如果是临时使用的话，在 pip 安装时指定 -i 参数填写下载源即可：

pip install -i [HOST]:[PORT] some-package

pip 需要手动信任非 https 的源，因此需要额外加 --trust-host 参数：

pip install -i http://[HOST]:[PORT]/root/pypi --trust-host [HOST]:[PORT] some-package

如果需要将其设为默认，则需要修改 pip 设置：

pip config set global.index-url http://[HOST]:[PORT]/root/pypi

pip 需要手动信任非 https 的源，因此需要额外修改：

pip config set global.trusted-host [HOST]:[PORT]

高级配置

上面的快速配置只是提供了基本的服务，如果你是安装在主力机上临时使用，这样就已经足够了。如果你想配置到服务器上永久使用，则需要一些高级配置。下面的操作均使用 Linux 系统完成。

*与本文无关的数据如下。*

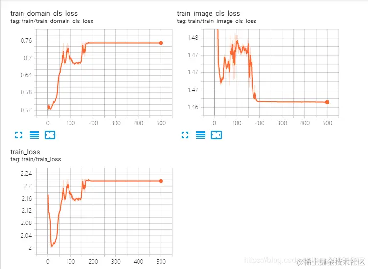 下面是训练过程中的相关tensorboard的相关指标在训练过程中的走势图。首先是训练误差的走势图,主要包括训练域分类误差、训练图像分类误差和训练总误差。\
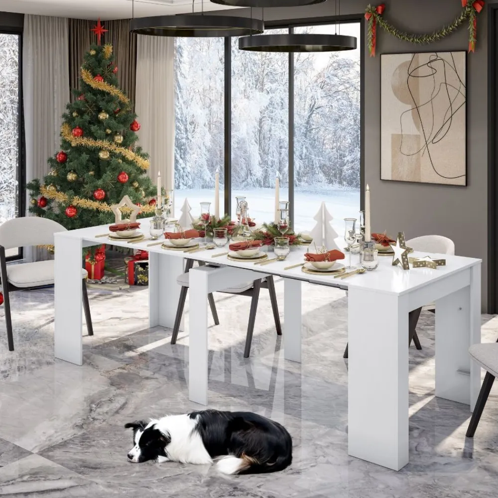 Mesa multifunción extensible con 5 posibles posiciones, mesa comedor extensible, recibidor, mesa escritorio, mesa cocina.
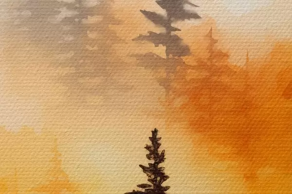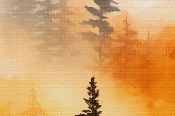 Bild Eine Landschaft Aquarell Malerei Nachahmung eines Waldes mit hohen Kiefern und Berge im Hintergrund Nr r45170
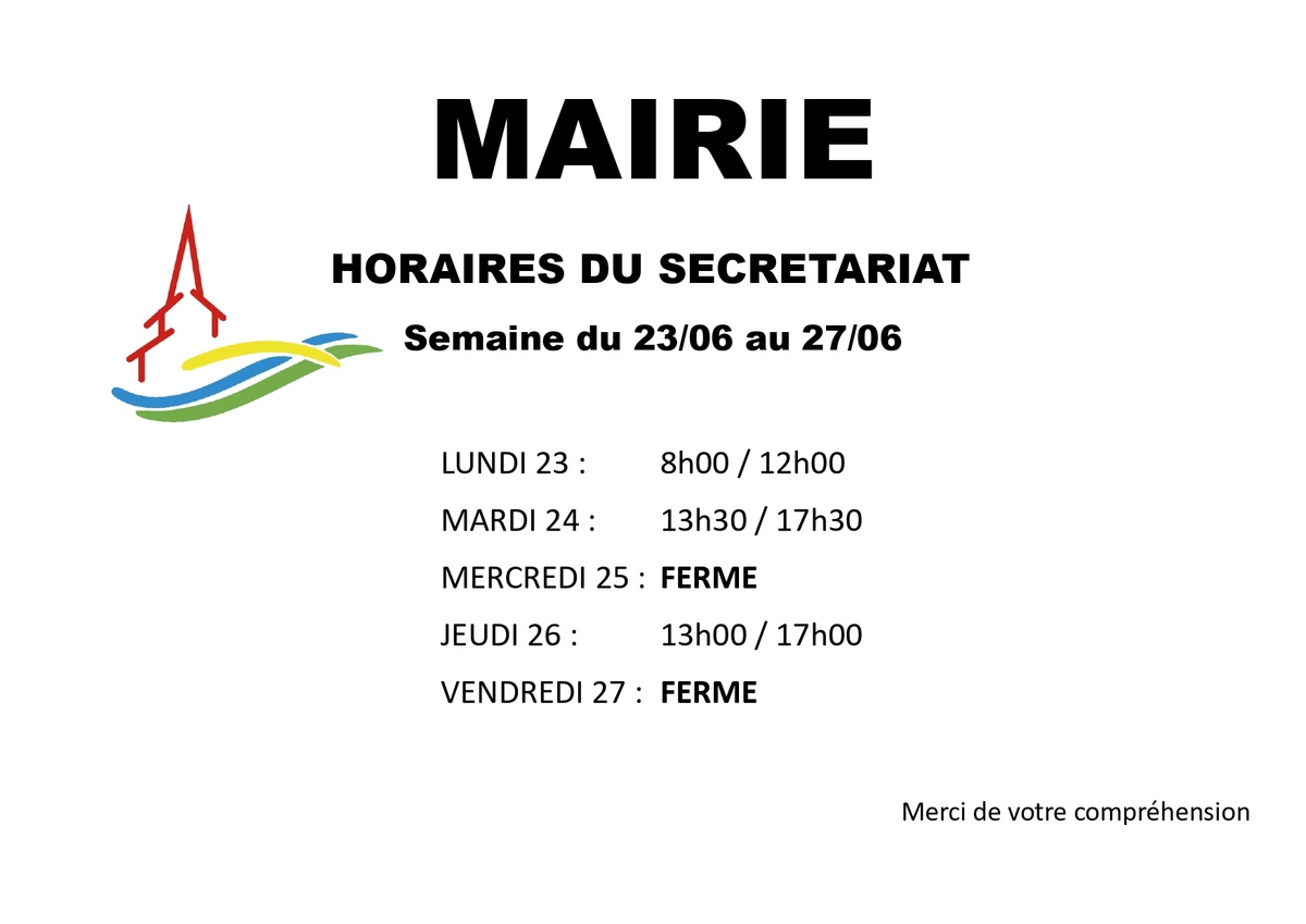 HORAIRES SECRETARIAT 23/06 AU 27/06 20/06/2025 Suite à la formation du personnel, le secrétariat de mairie sera ouvert de la façon suivante
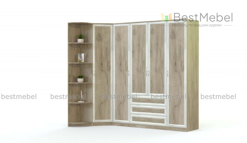 Шкаф угловой Волх 2 BMS поможет вам рационально организовать пространство и разместить большое количество вещей – от одежды и домашнего текстиля до декоративных мелочей. Композиция включает в себя угловой распашной модуль, прямой четырехдверный шкаф с тремя выдвижными ящиками и скругленный торцевой стеллаж. Актуальный вид классической модели с рамочными фасадами придает исполнение в крафтовых древесных тонах. Купить шкаф угловой Волх 2 BMS приглашаем в наш интернет-магазин с возможностью изменения цвета и размеров.
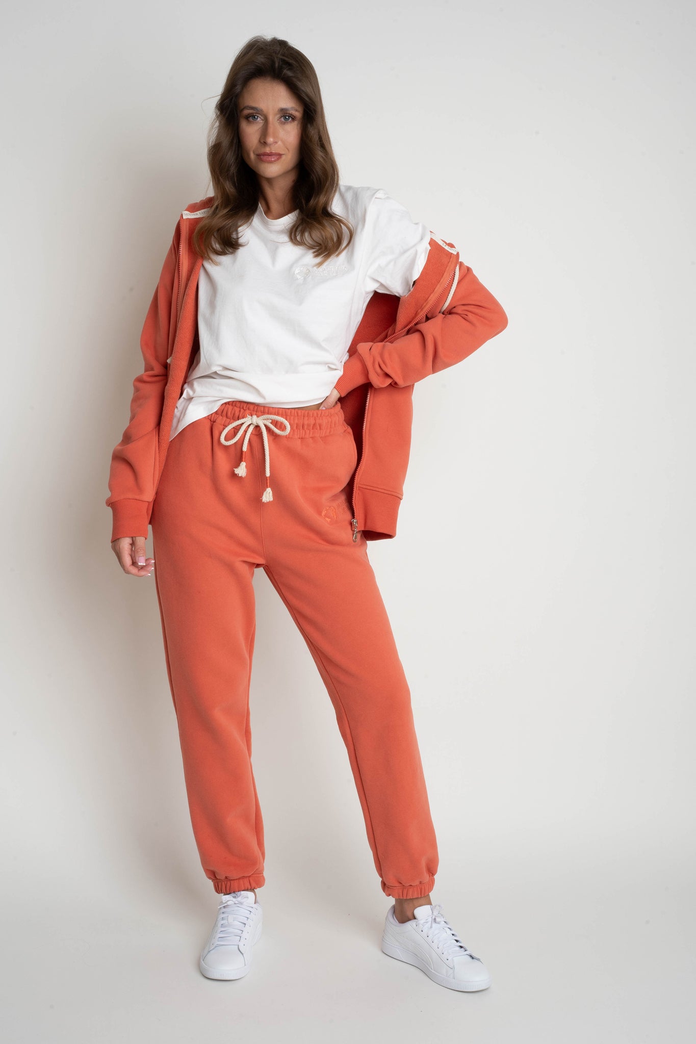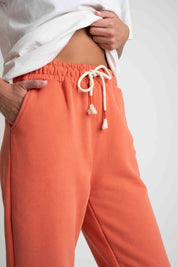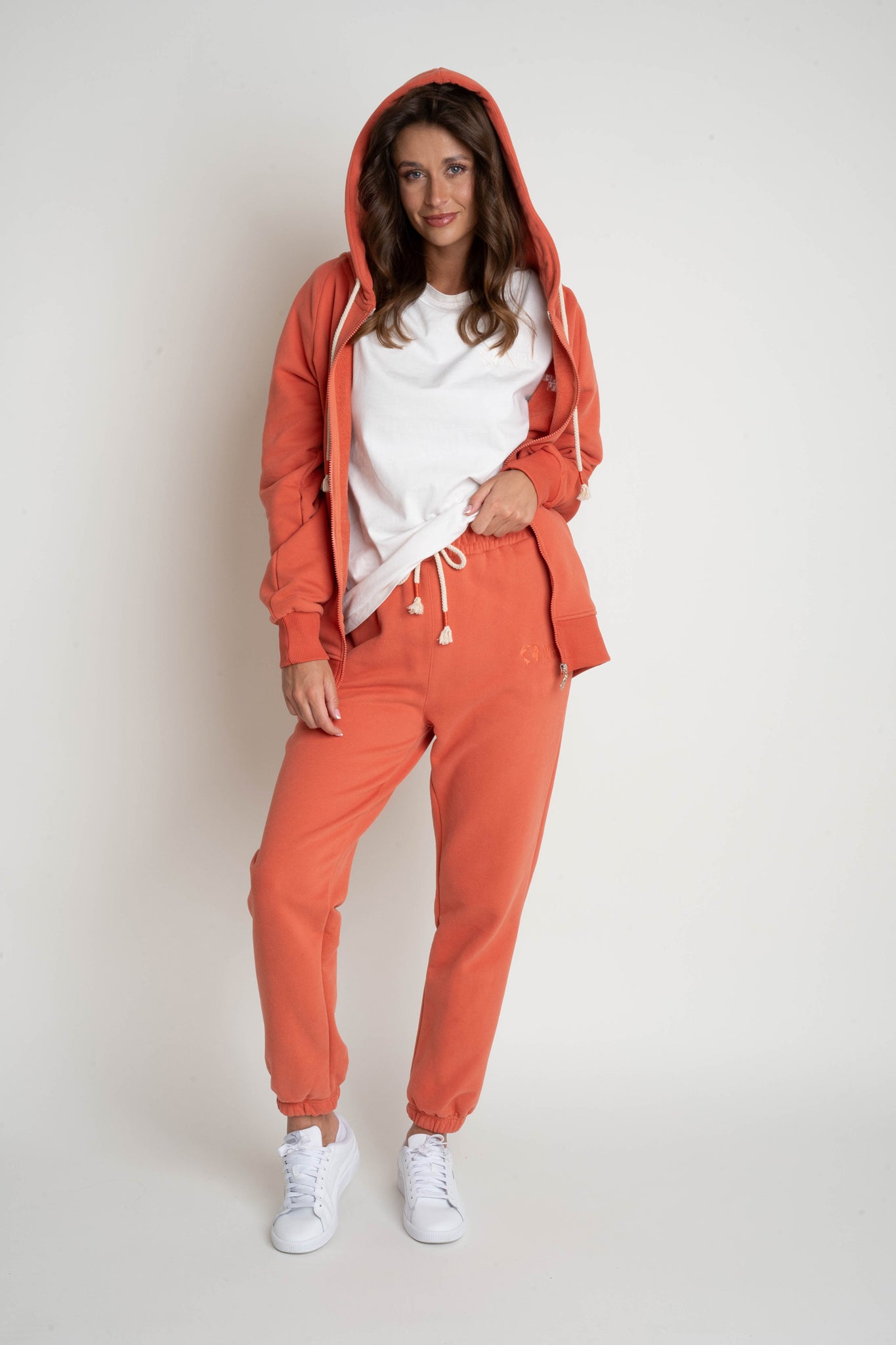 Spodnie uszyte są z naszej flagowej, grubej dzianiny 320g/m2, która nas wyróżnia. Jest ona gładka, ale przy tym bardzo mięsista. Od spodu posiada charakterystyczny splot diagonalny pokryty lekkim meszkiem, który w przyjemny sposób otula naszą skórę. Wierzchnia strona dzianiny także jest bardzo miła w dotyku, wykończona jest delikatnym meszkiem potocznie zwanym efektem brzoskwini, który nadaje jej wyjątkowej delikatności.
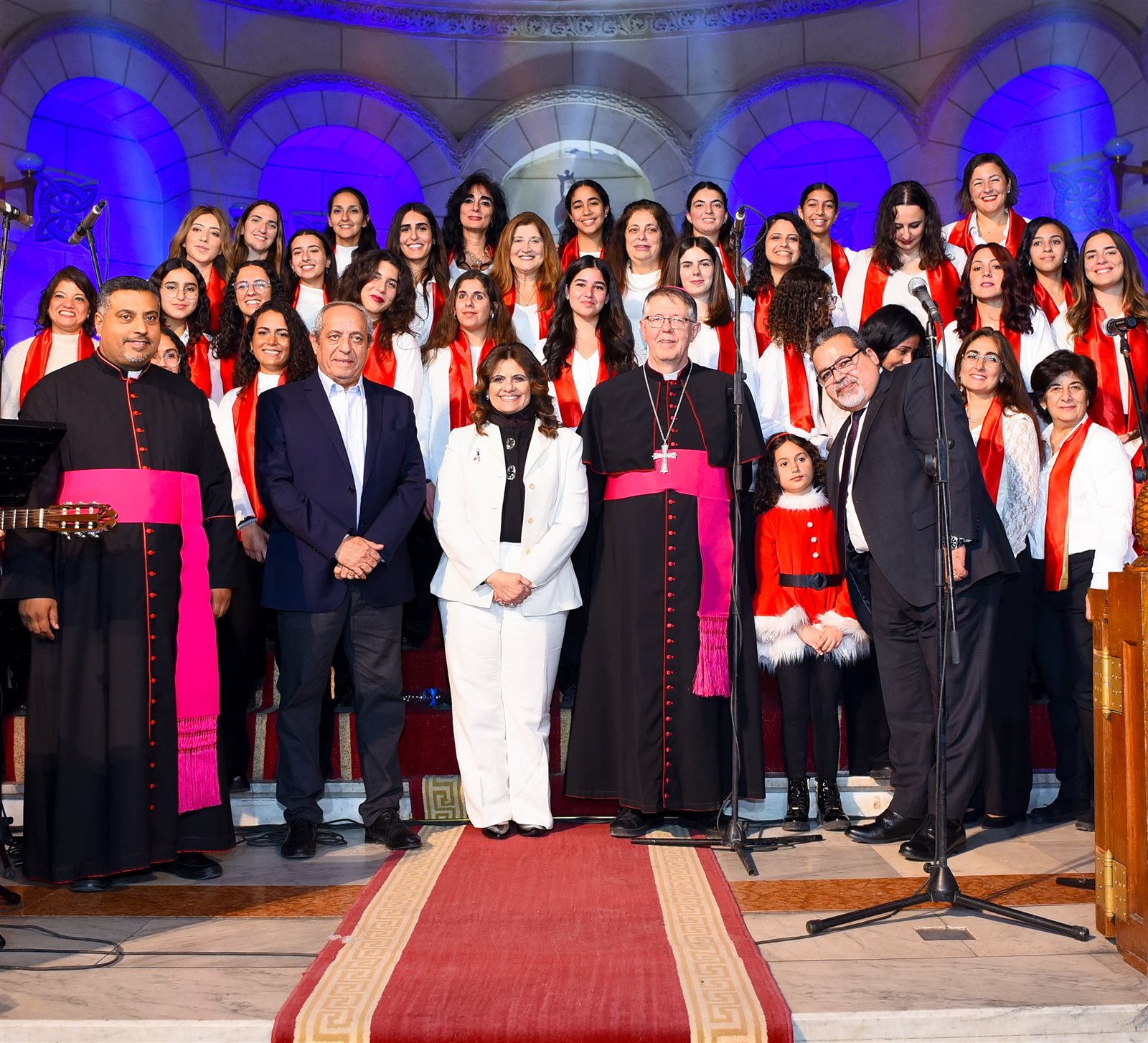 واستمع جميع الحضور الى كورال Priere Vivante بقيادة المايسترو رفيق عطالله، لأغاني وترانيم عيد الميلاد، في أجواء مليئة بالفرح والمحبة في وجود ما يقرب من ألف شخص.
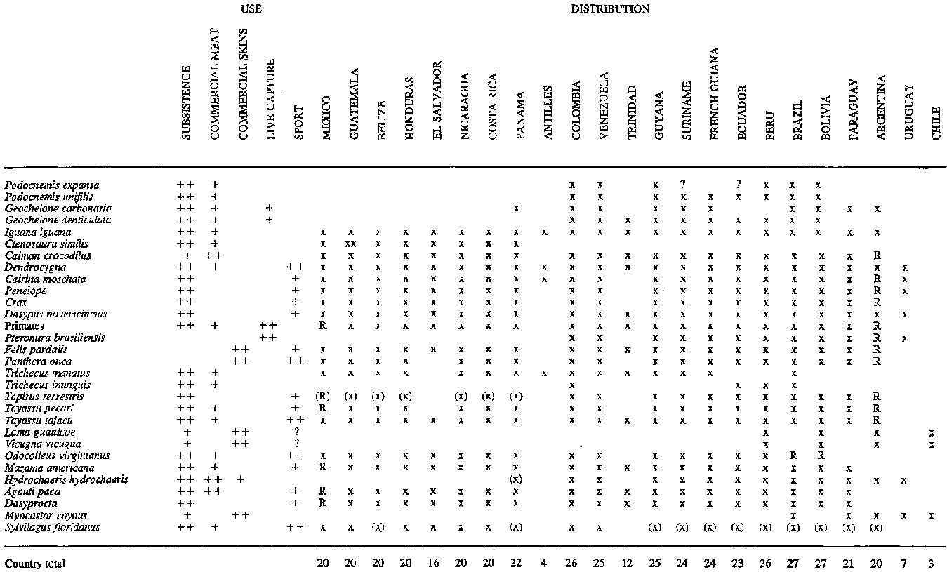After reviewing the patterns of use and selection criteria mentioned above (1.1) a list of 30 key groups or species of Latin American wildlife was drawn up for more detailed analysis and presentation (Table 22). It covers the animals preferred for food in the rural sector. It also includes some species of high commercial value for their hides or skins. But it underrepresents species preferred by sports hunters, e.g. doves and partridges, tinamous or Gallinaceae.

首先生成配置文件，使用 devpi-gen-config --host=[HOST] --port=[PORT] --serverdir=[PATH]，配置文件就会生成到当前目录的 gen-config 文件夹下。

我们本篇教程用到的是：

devpi.service：systemctl 服务配置文件
nginx-devpi.conf：Nginx 站点配置文件

首先使用 systemctl 实现服务自启，将配置文件拷贝到服务目录：cp gen-config/devpi.service /etc/systemd/system/

然后启用服务：systemctl enable devpi.service

然后启动服务：systemctl start devpi.service

查看服务状态：systemctl status devpi.service

如果显示绿色则说明服务正常启动了。

然后使用 Nginx 实现反向代理，首先要保证服务器装有 Nginx：apt install nginx

然后将配置文件拷贝到 Nginx 配置目录：cp gen-config/nginx-devpi.conf /etc/nginx/sites-available

然后链接到启动的网站目录：ln -s /etc/nginx/sites-available/nginx-devpi.conf /etc/nginx/sites-enabled/nginx-devpi.conf

最后重载配置文件：systemctl reload nginx

3. 使用 Python + Nginx 搭建 Conda 镜像源

镜像同步

同步上游镜像源使用的是 TUNA 提供的 Python 脚本，开源在 GitHub 上：https://github.com/tuna/tunasync-scripts/blob/master/anaconda.py

该脚本默认上游源为官方源，同步规模为完整同步 (11TB)，我将这个脚本进行了调整，具体调整和对应代码行号如下：

(19~29) 上游源调整为 TUNA 清华源，加速同步
(34~36) 软件包只同步 Linux 64 位、Windows 64 位和通用三种系统架构，减小镜像体积。大家可以根据自己的设备情况进行调整。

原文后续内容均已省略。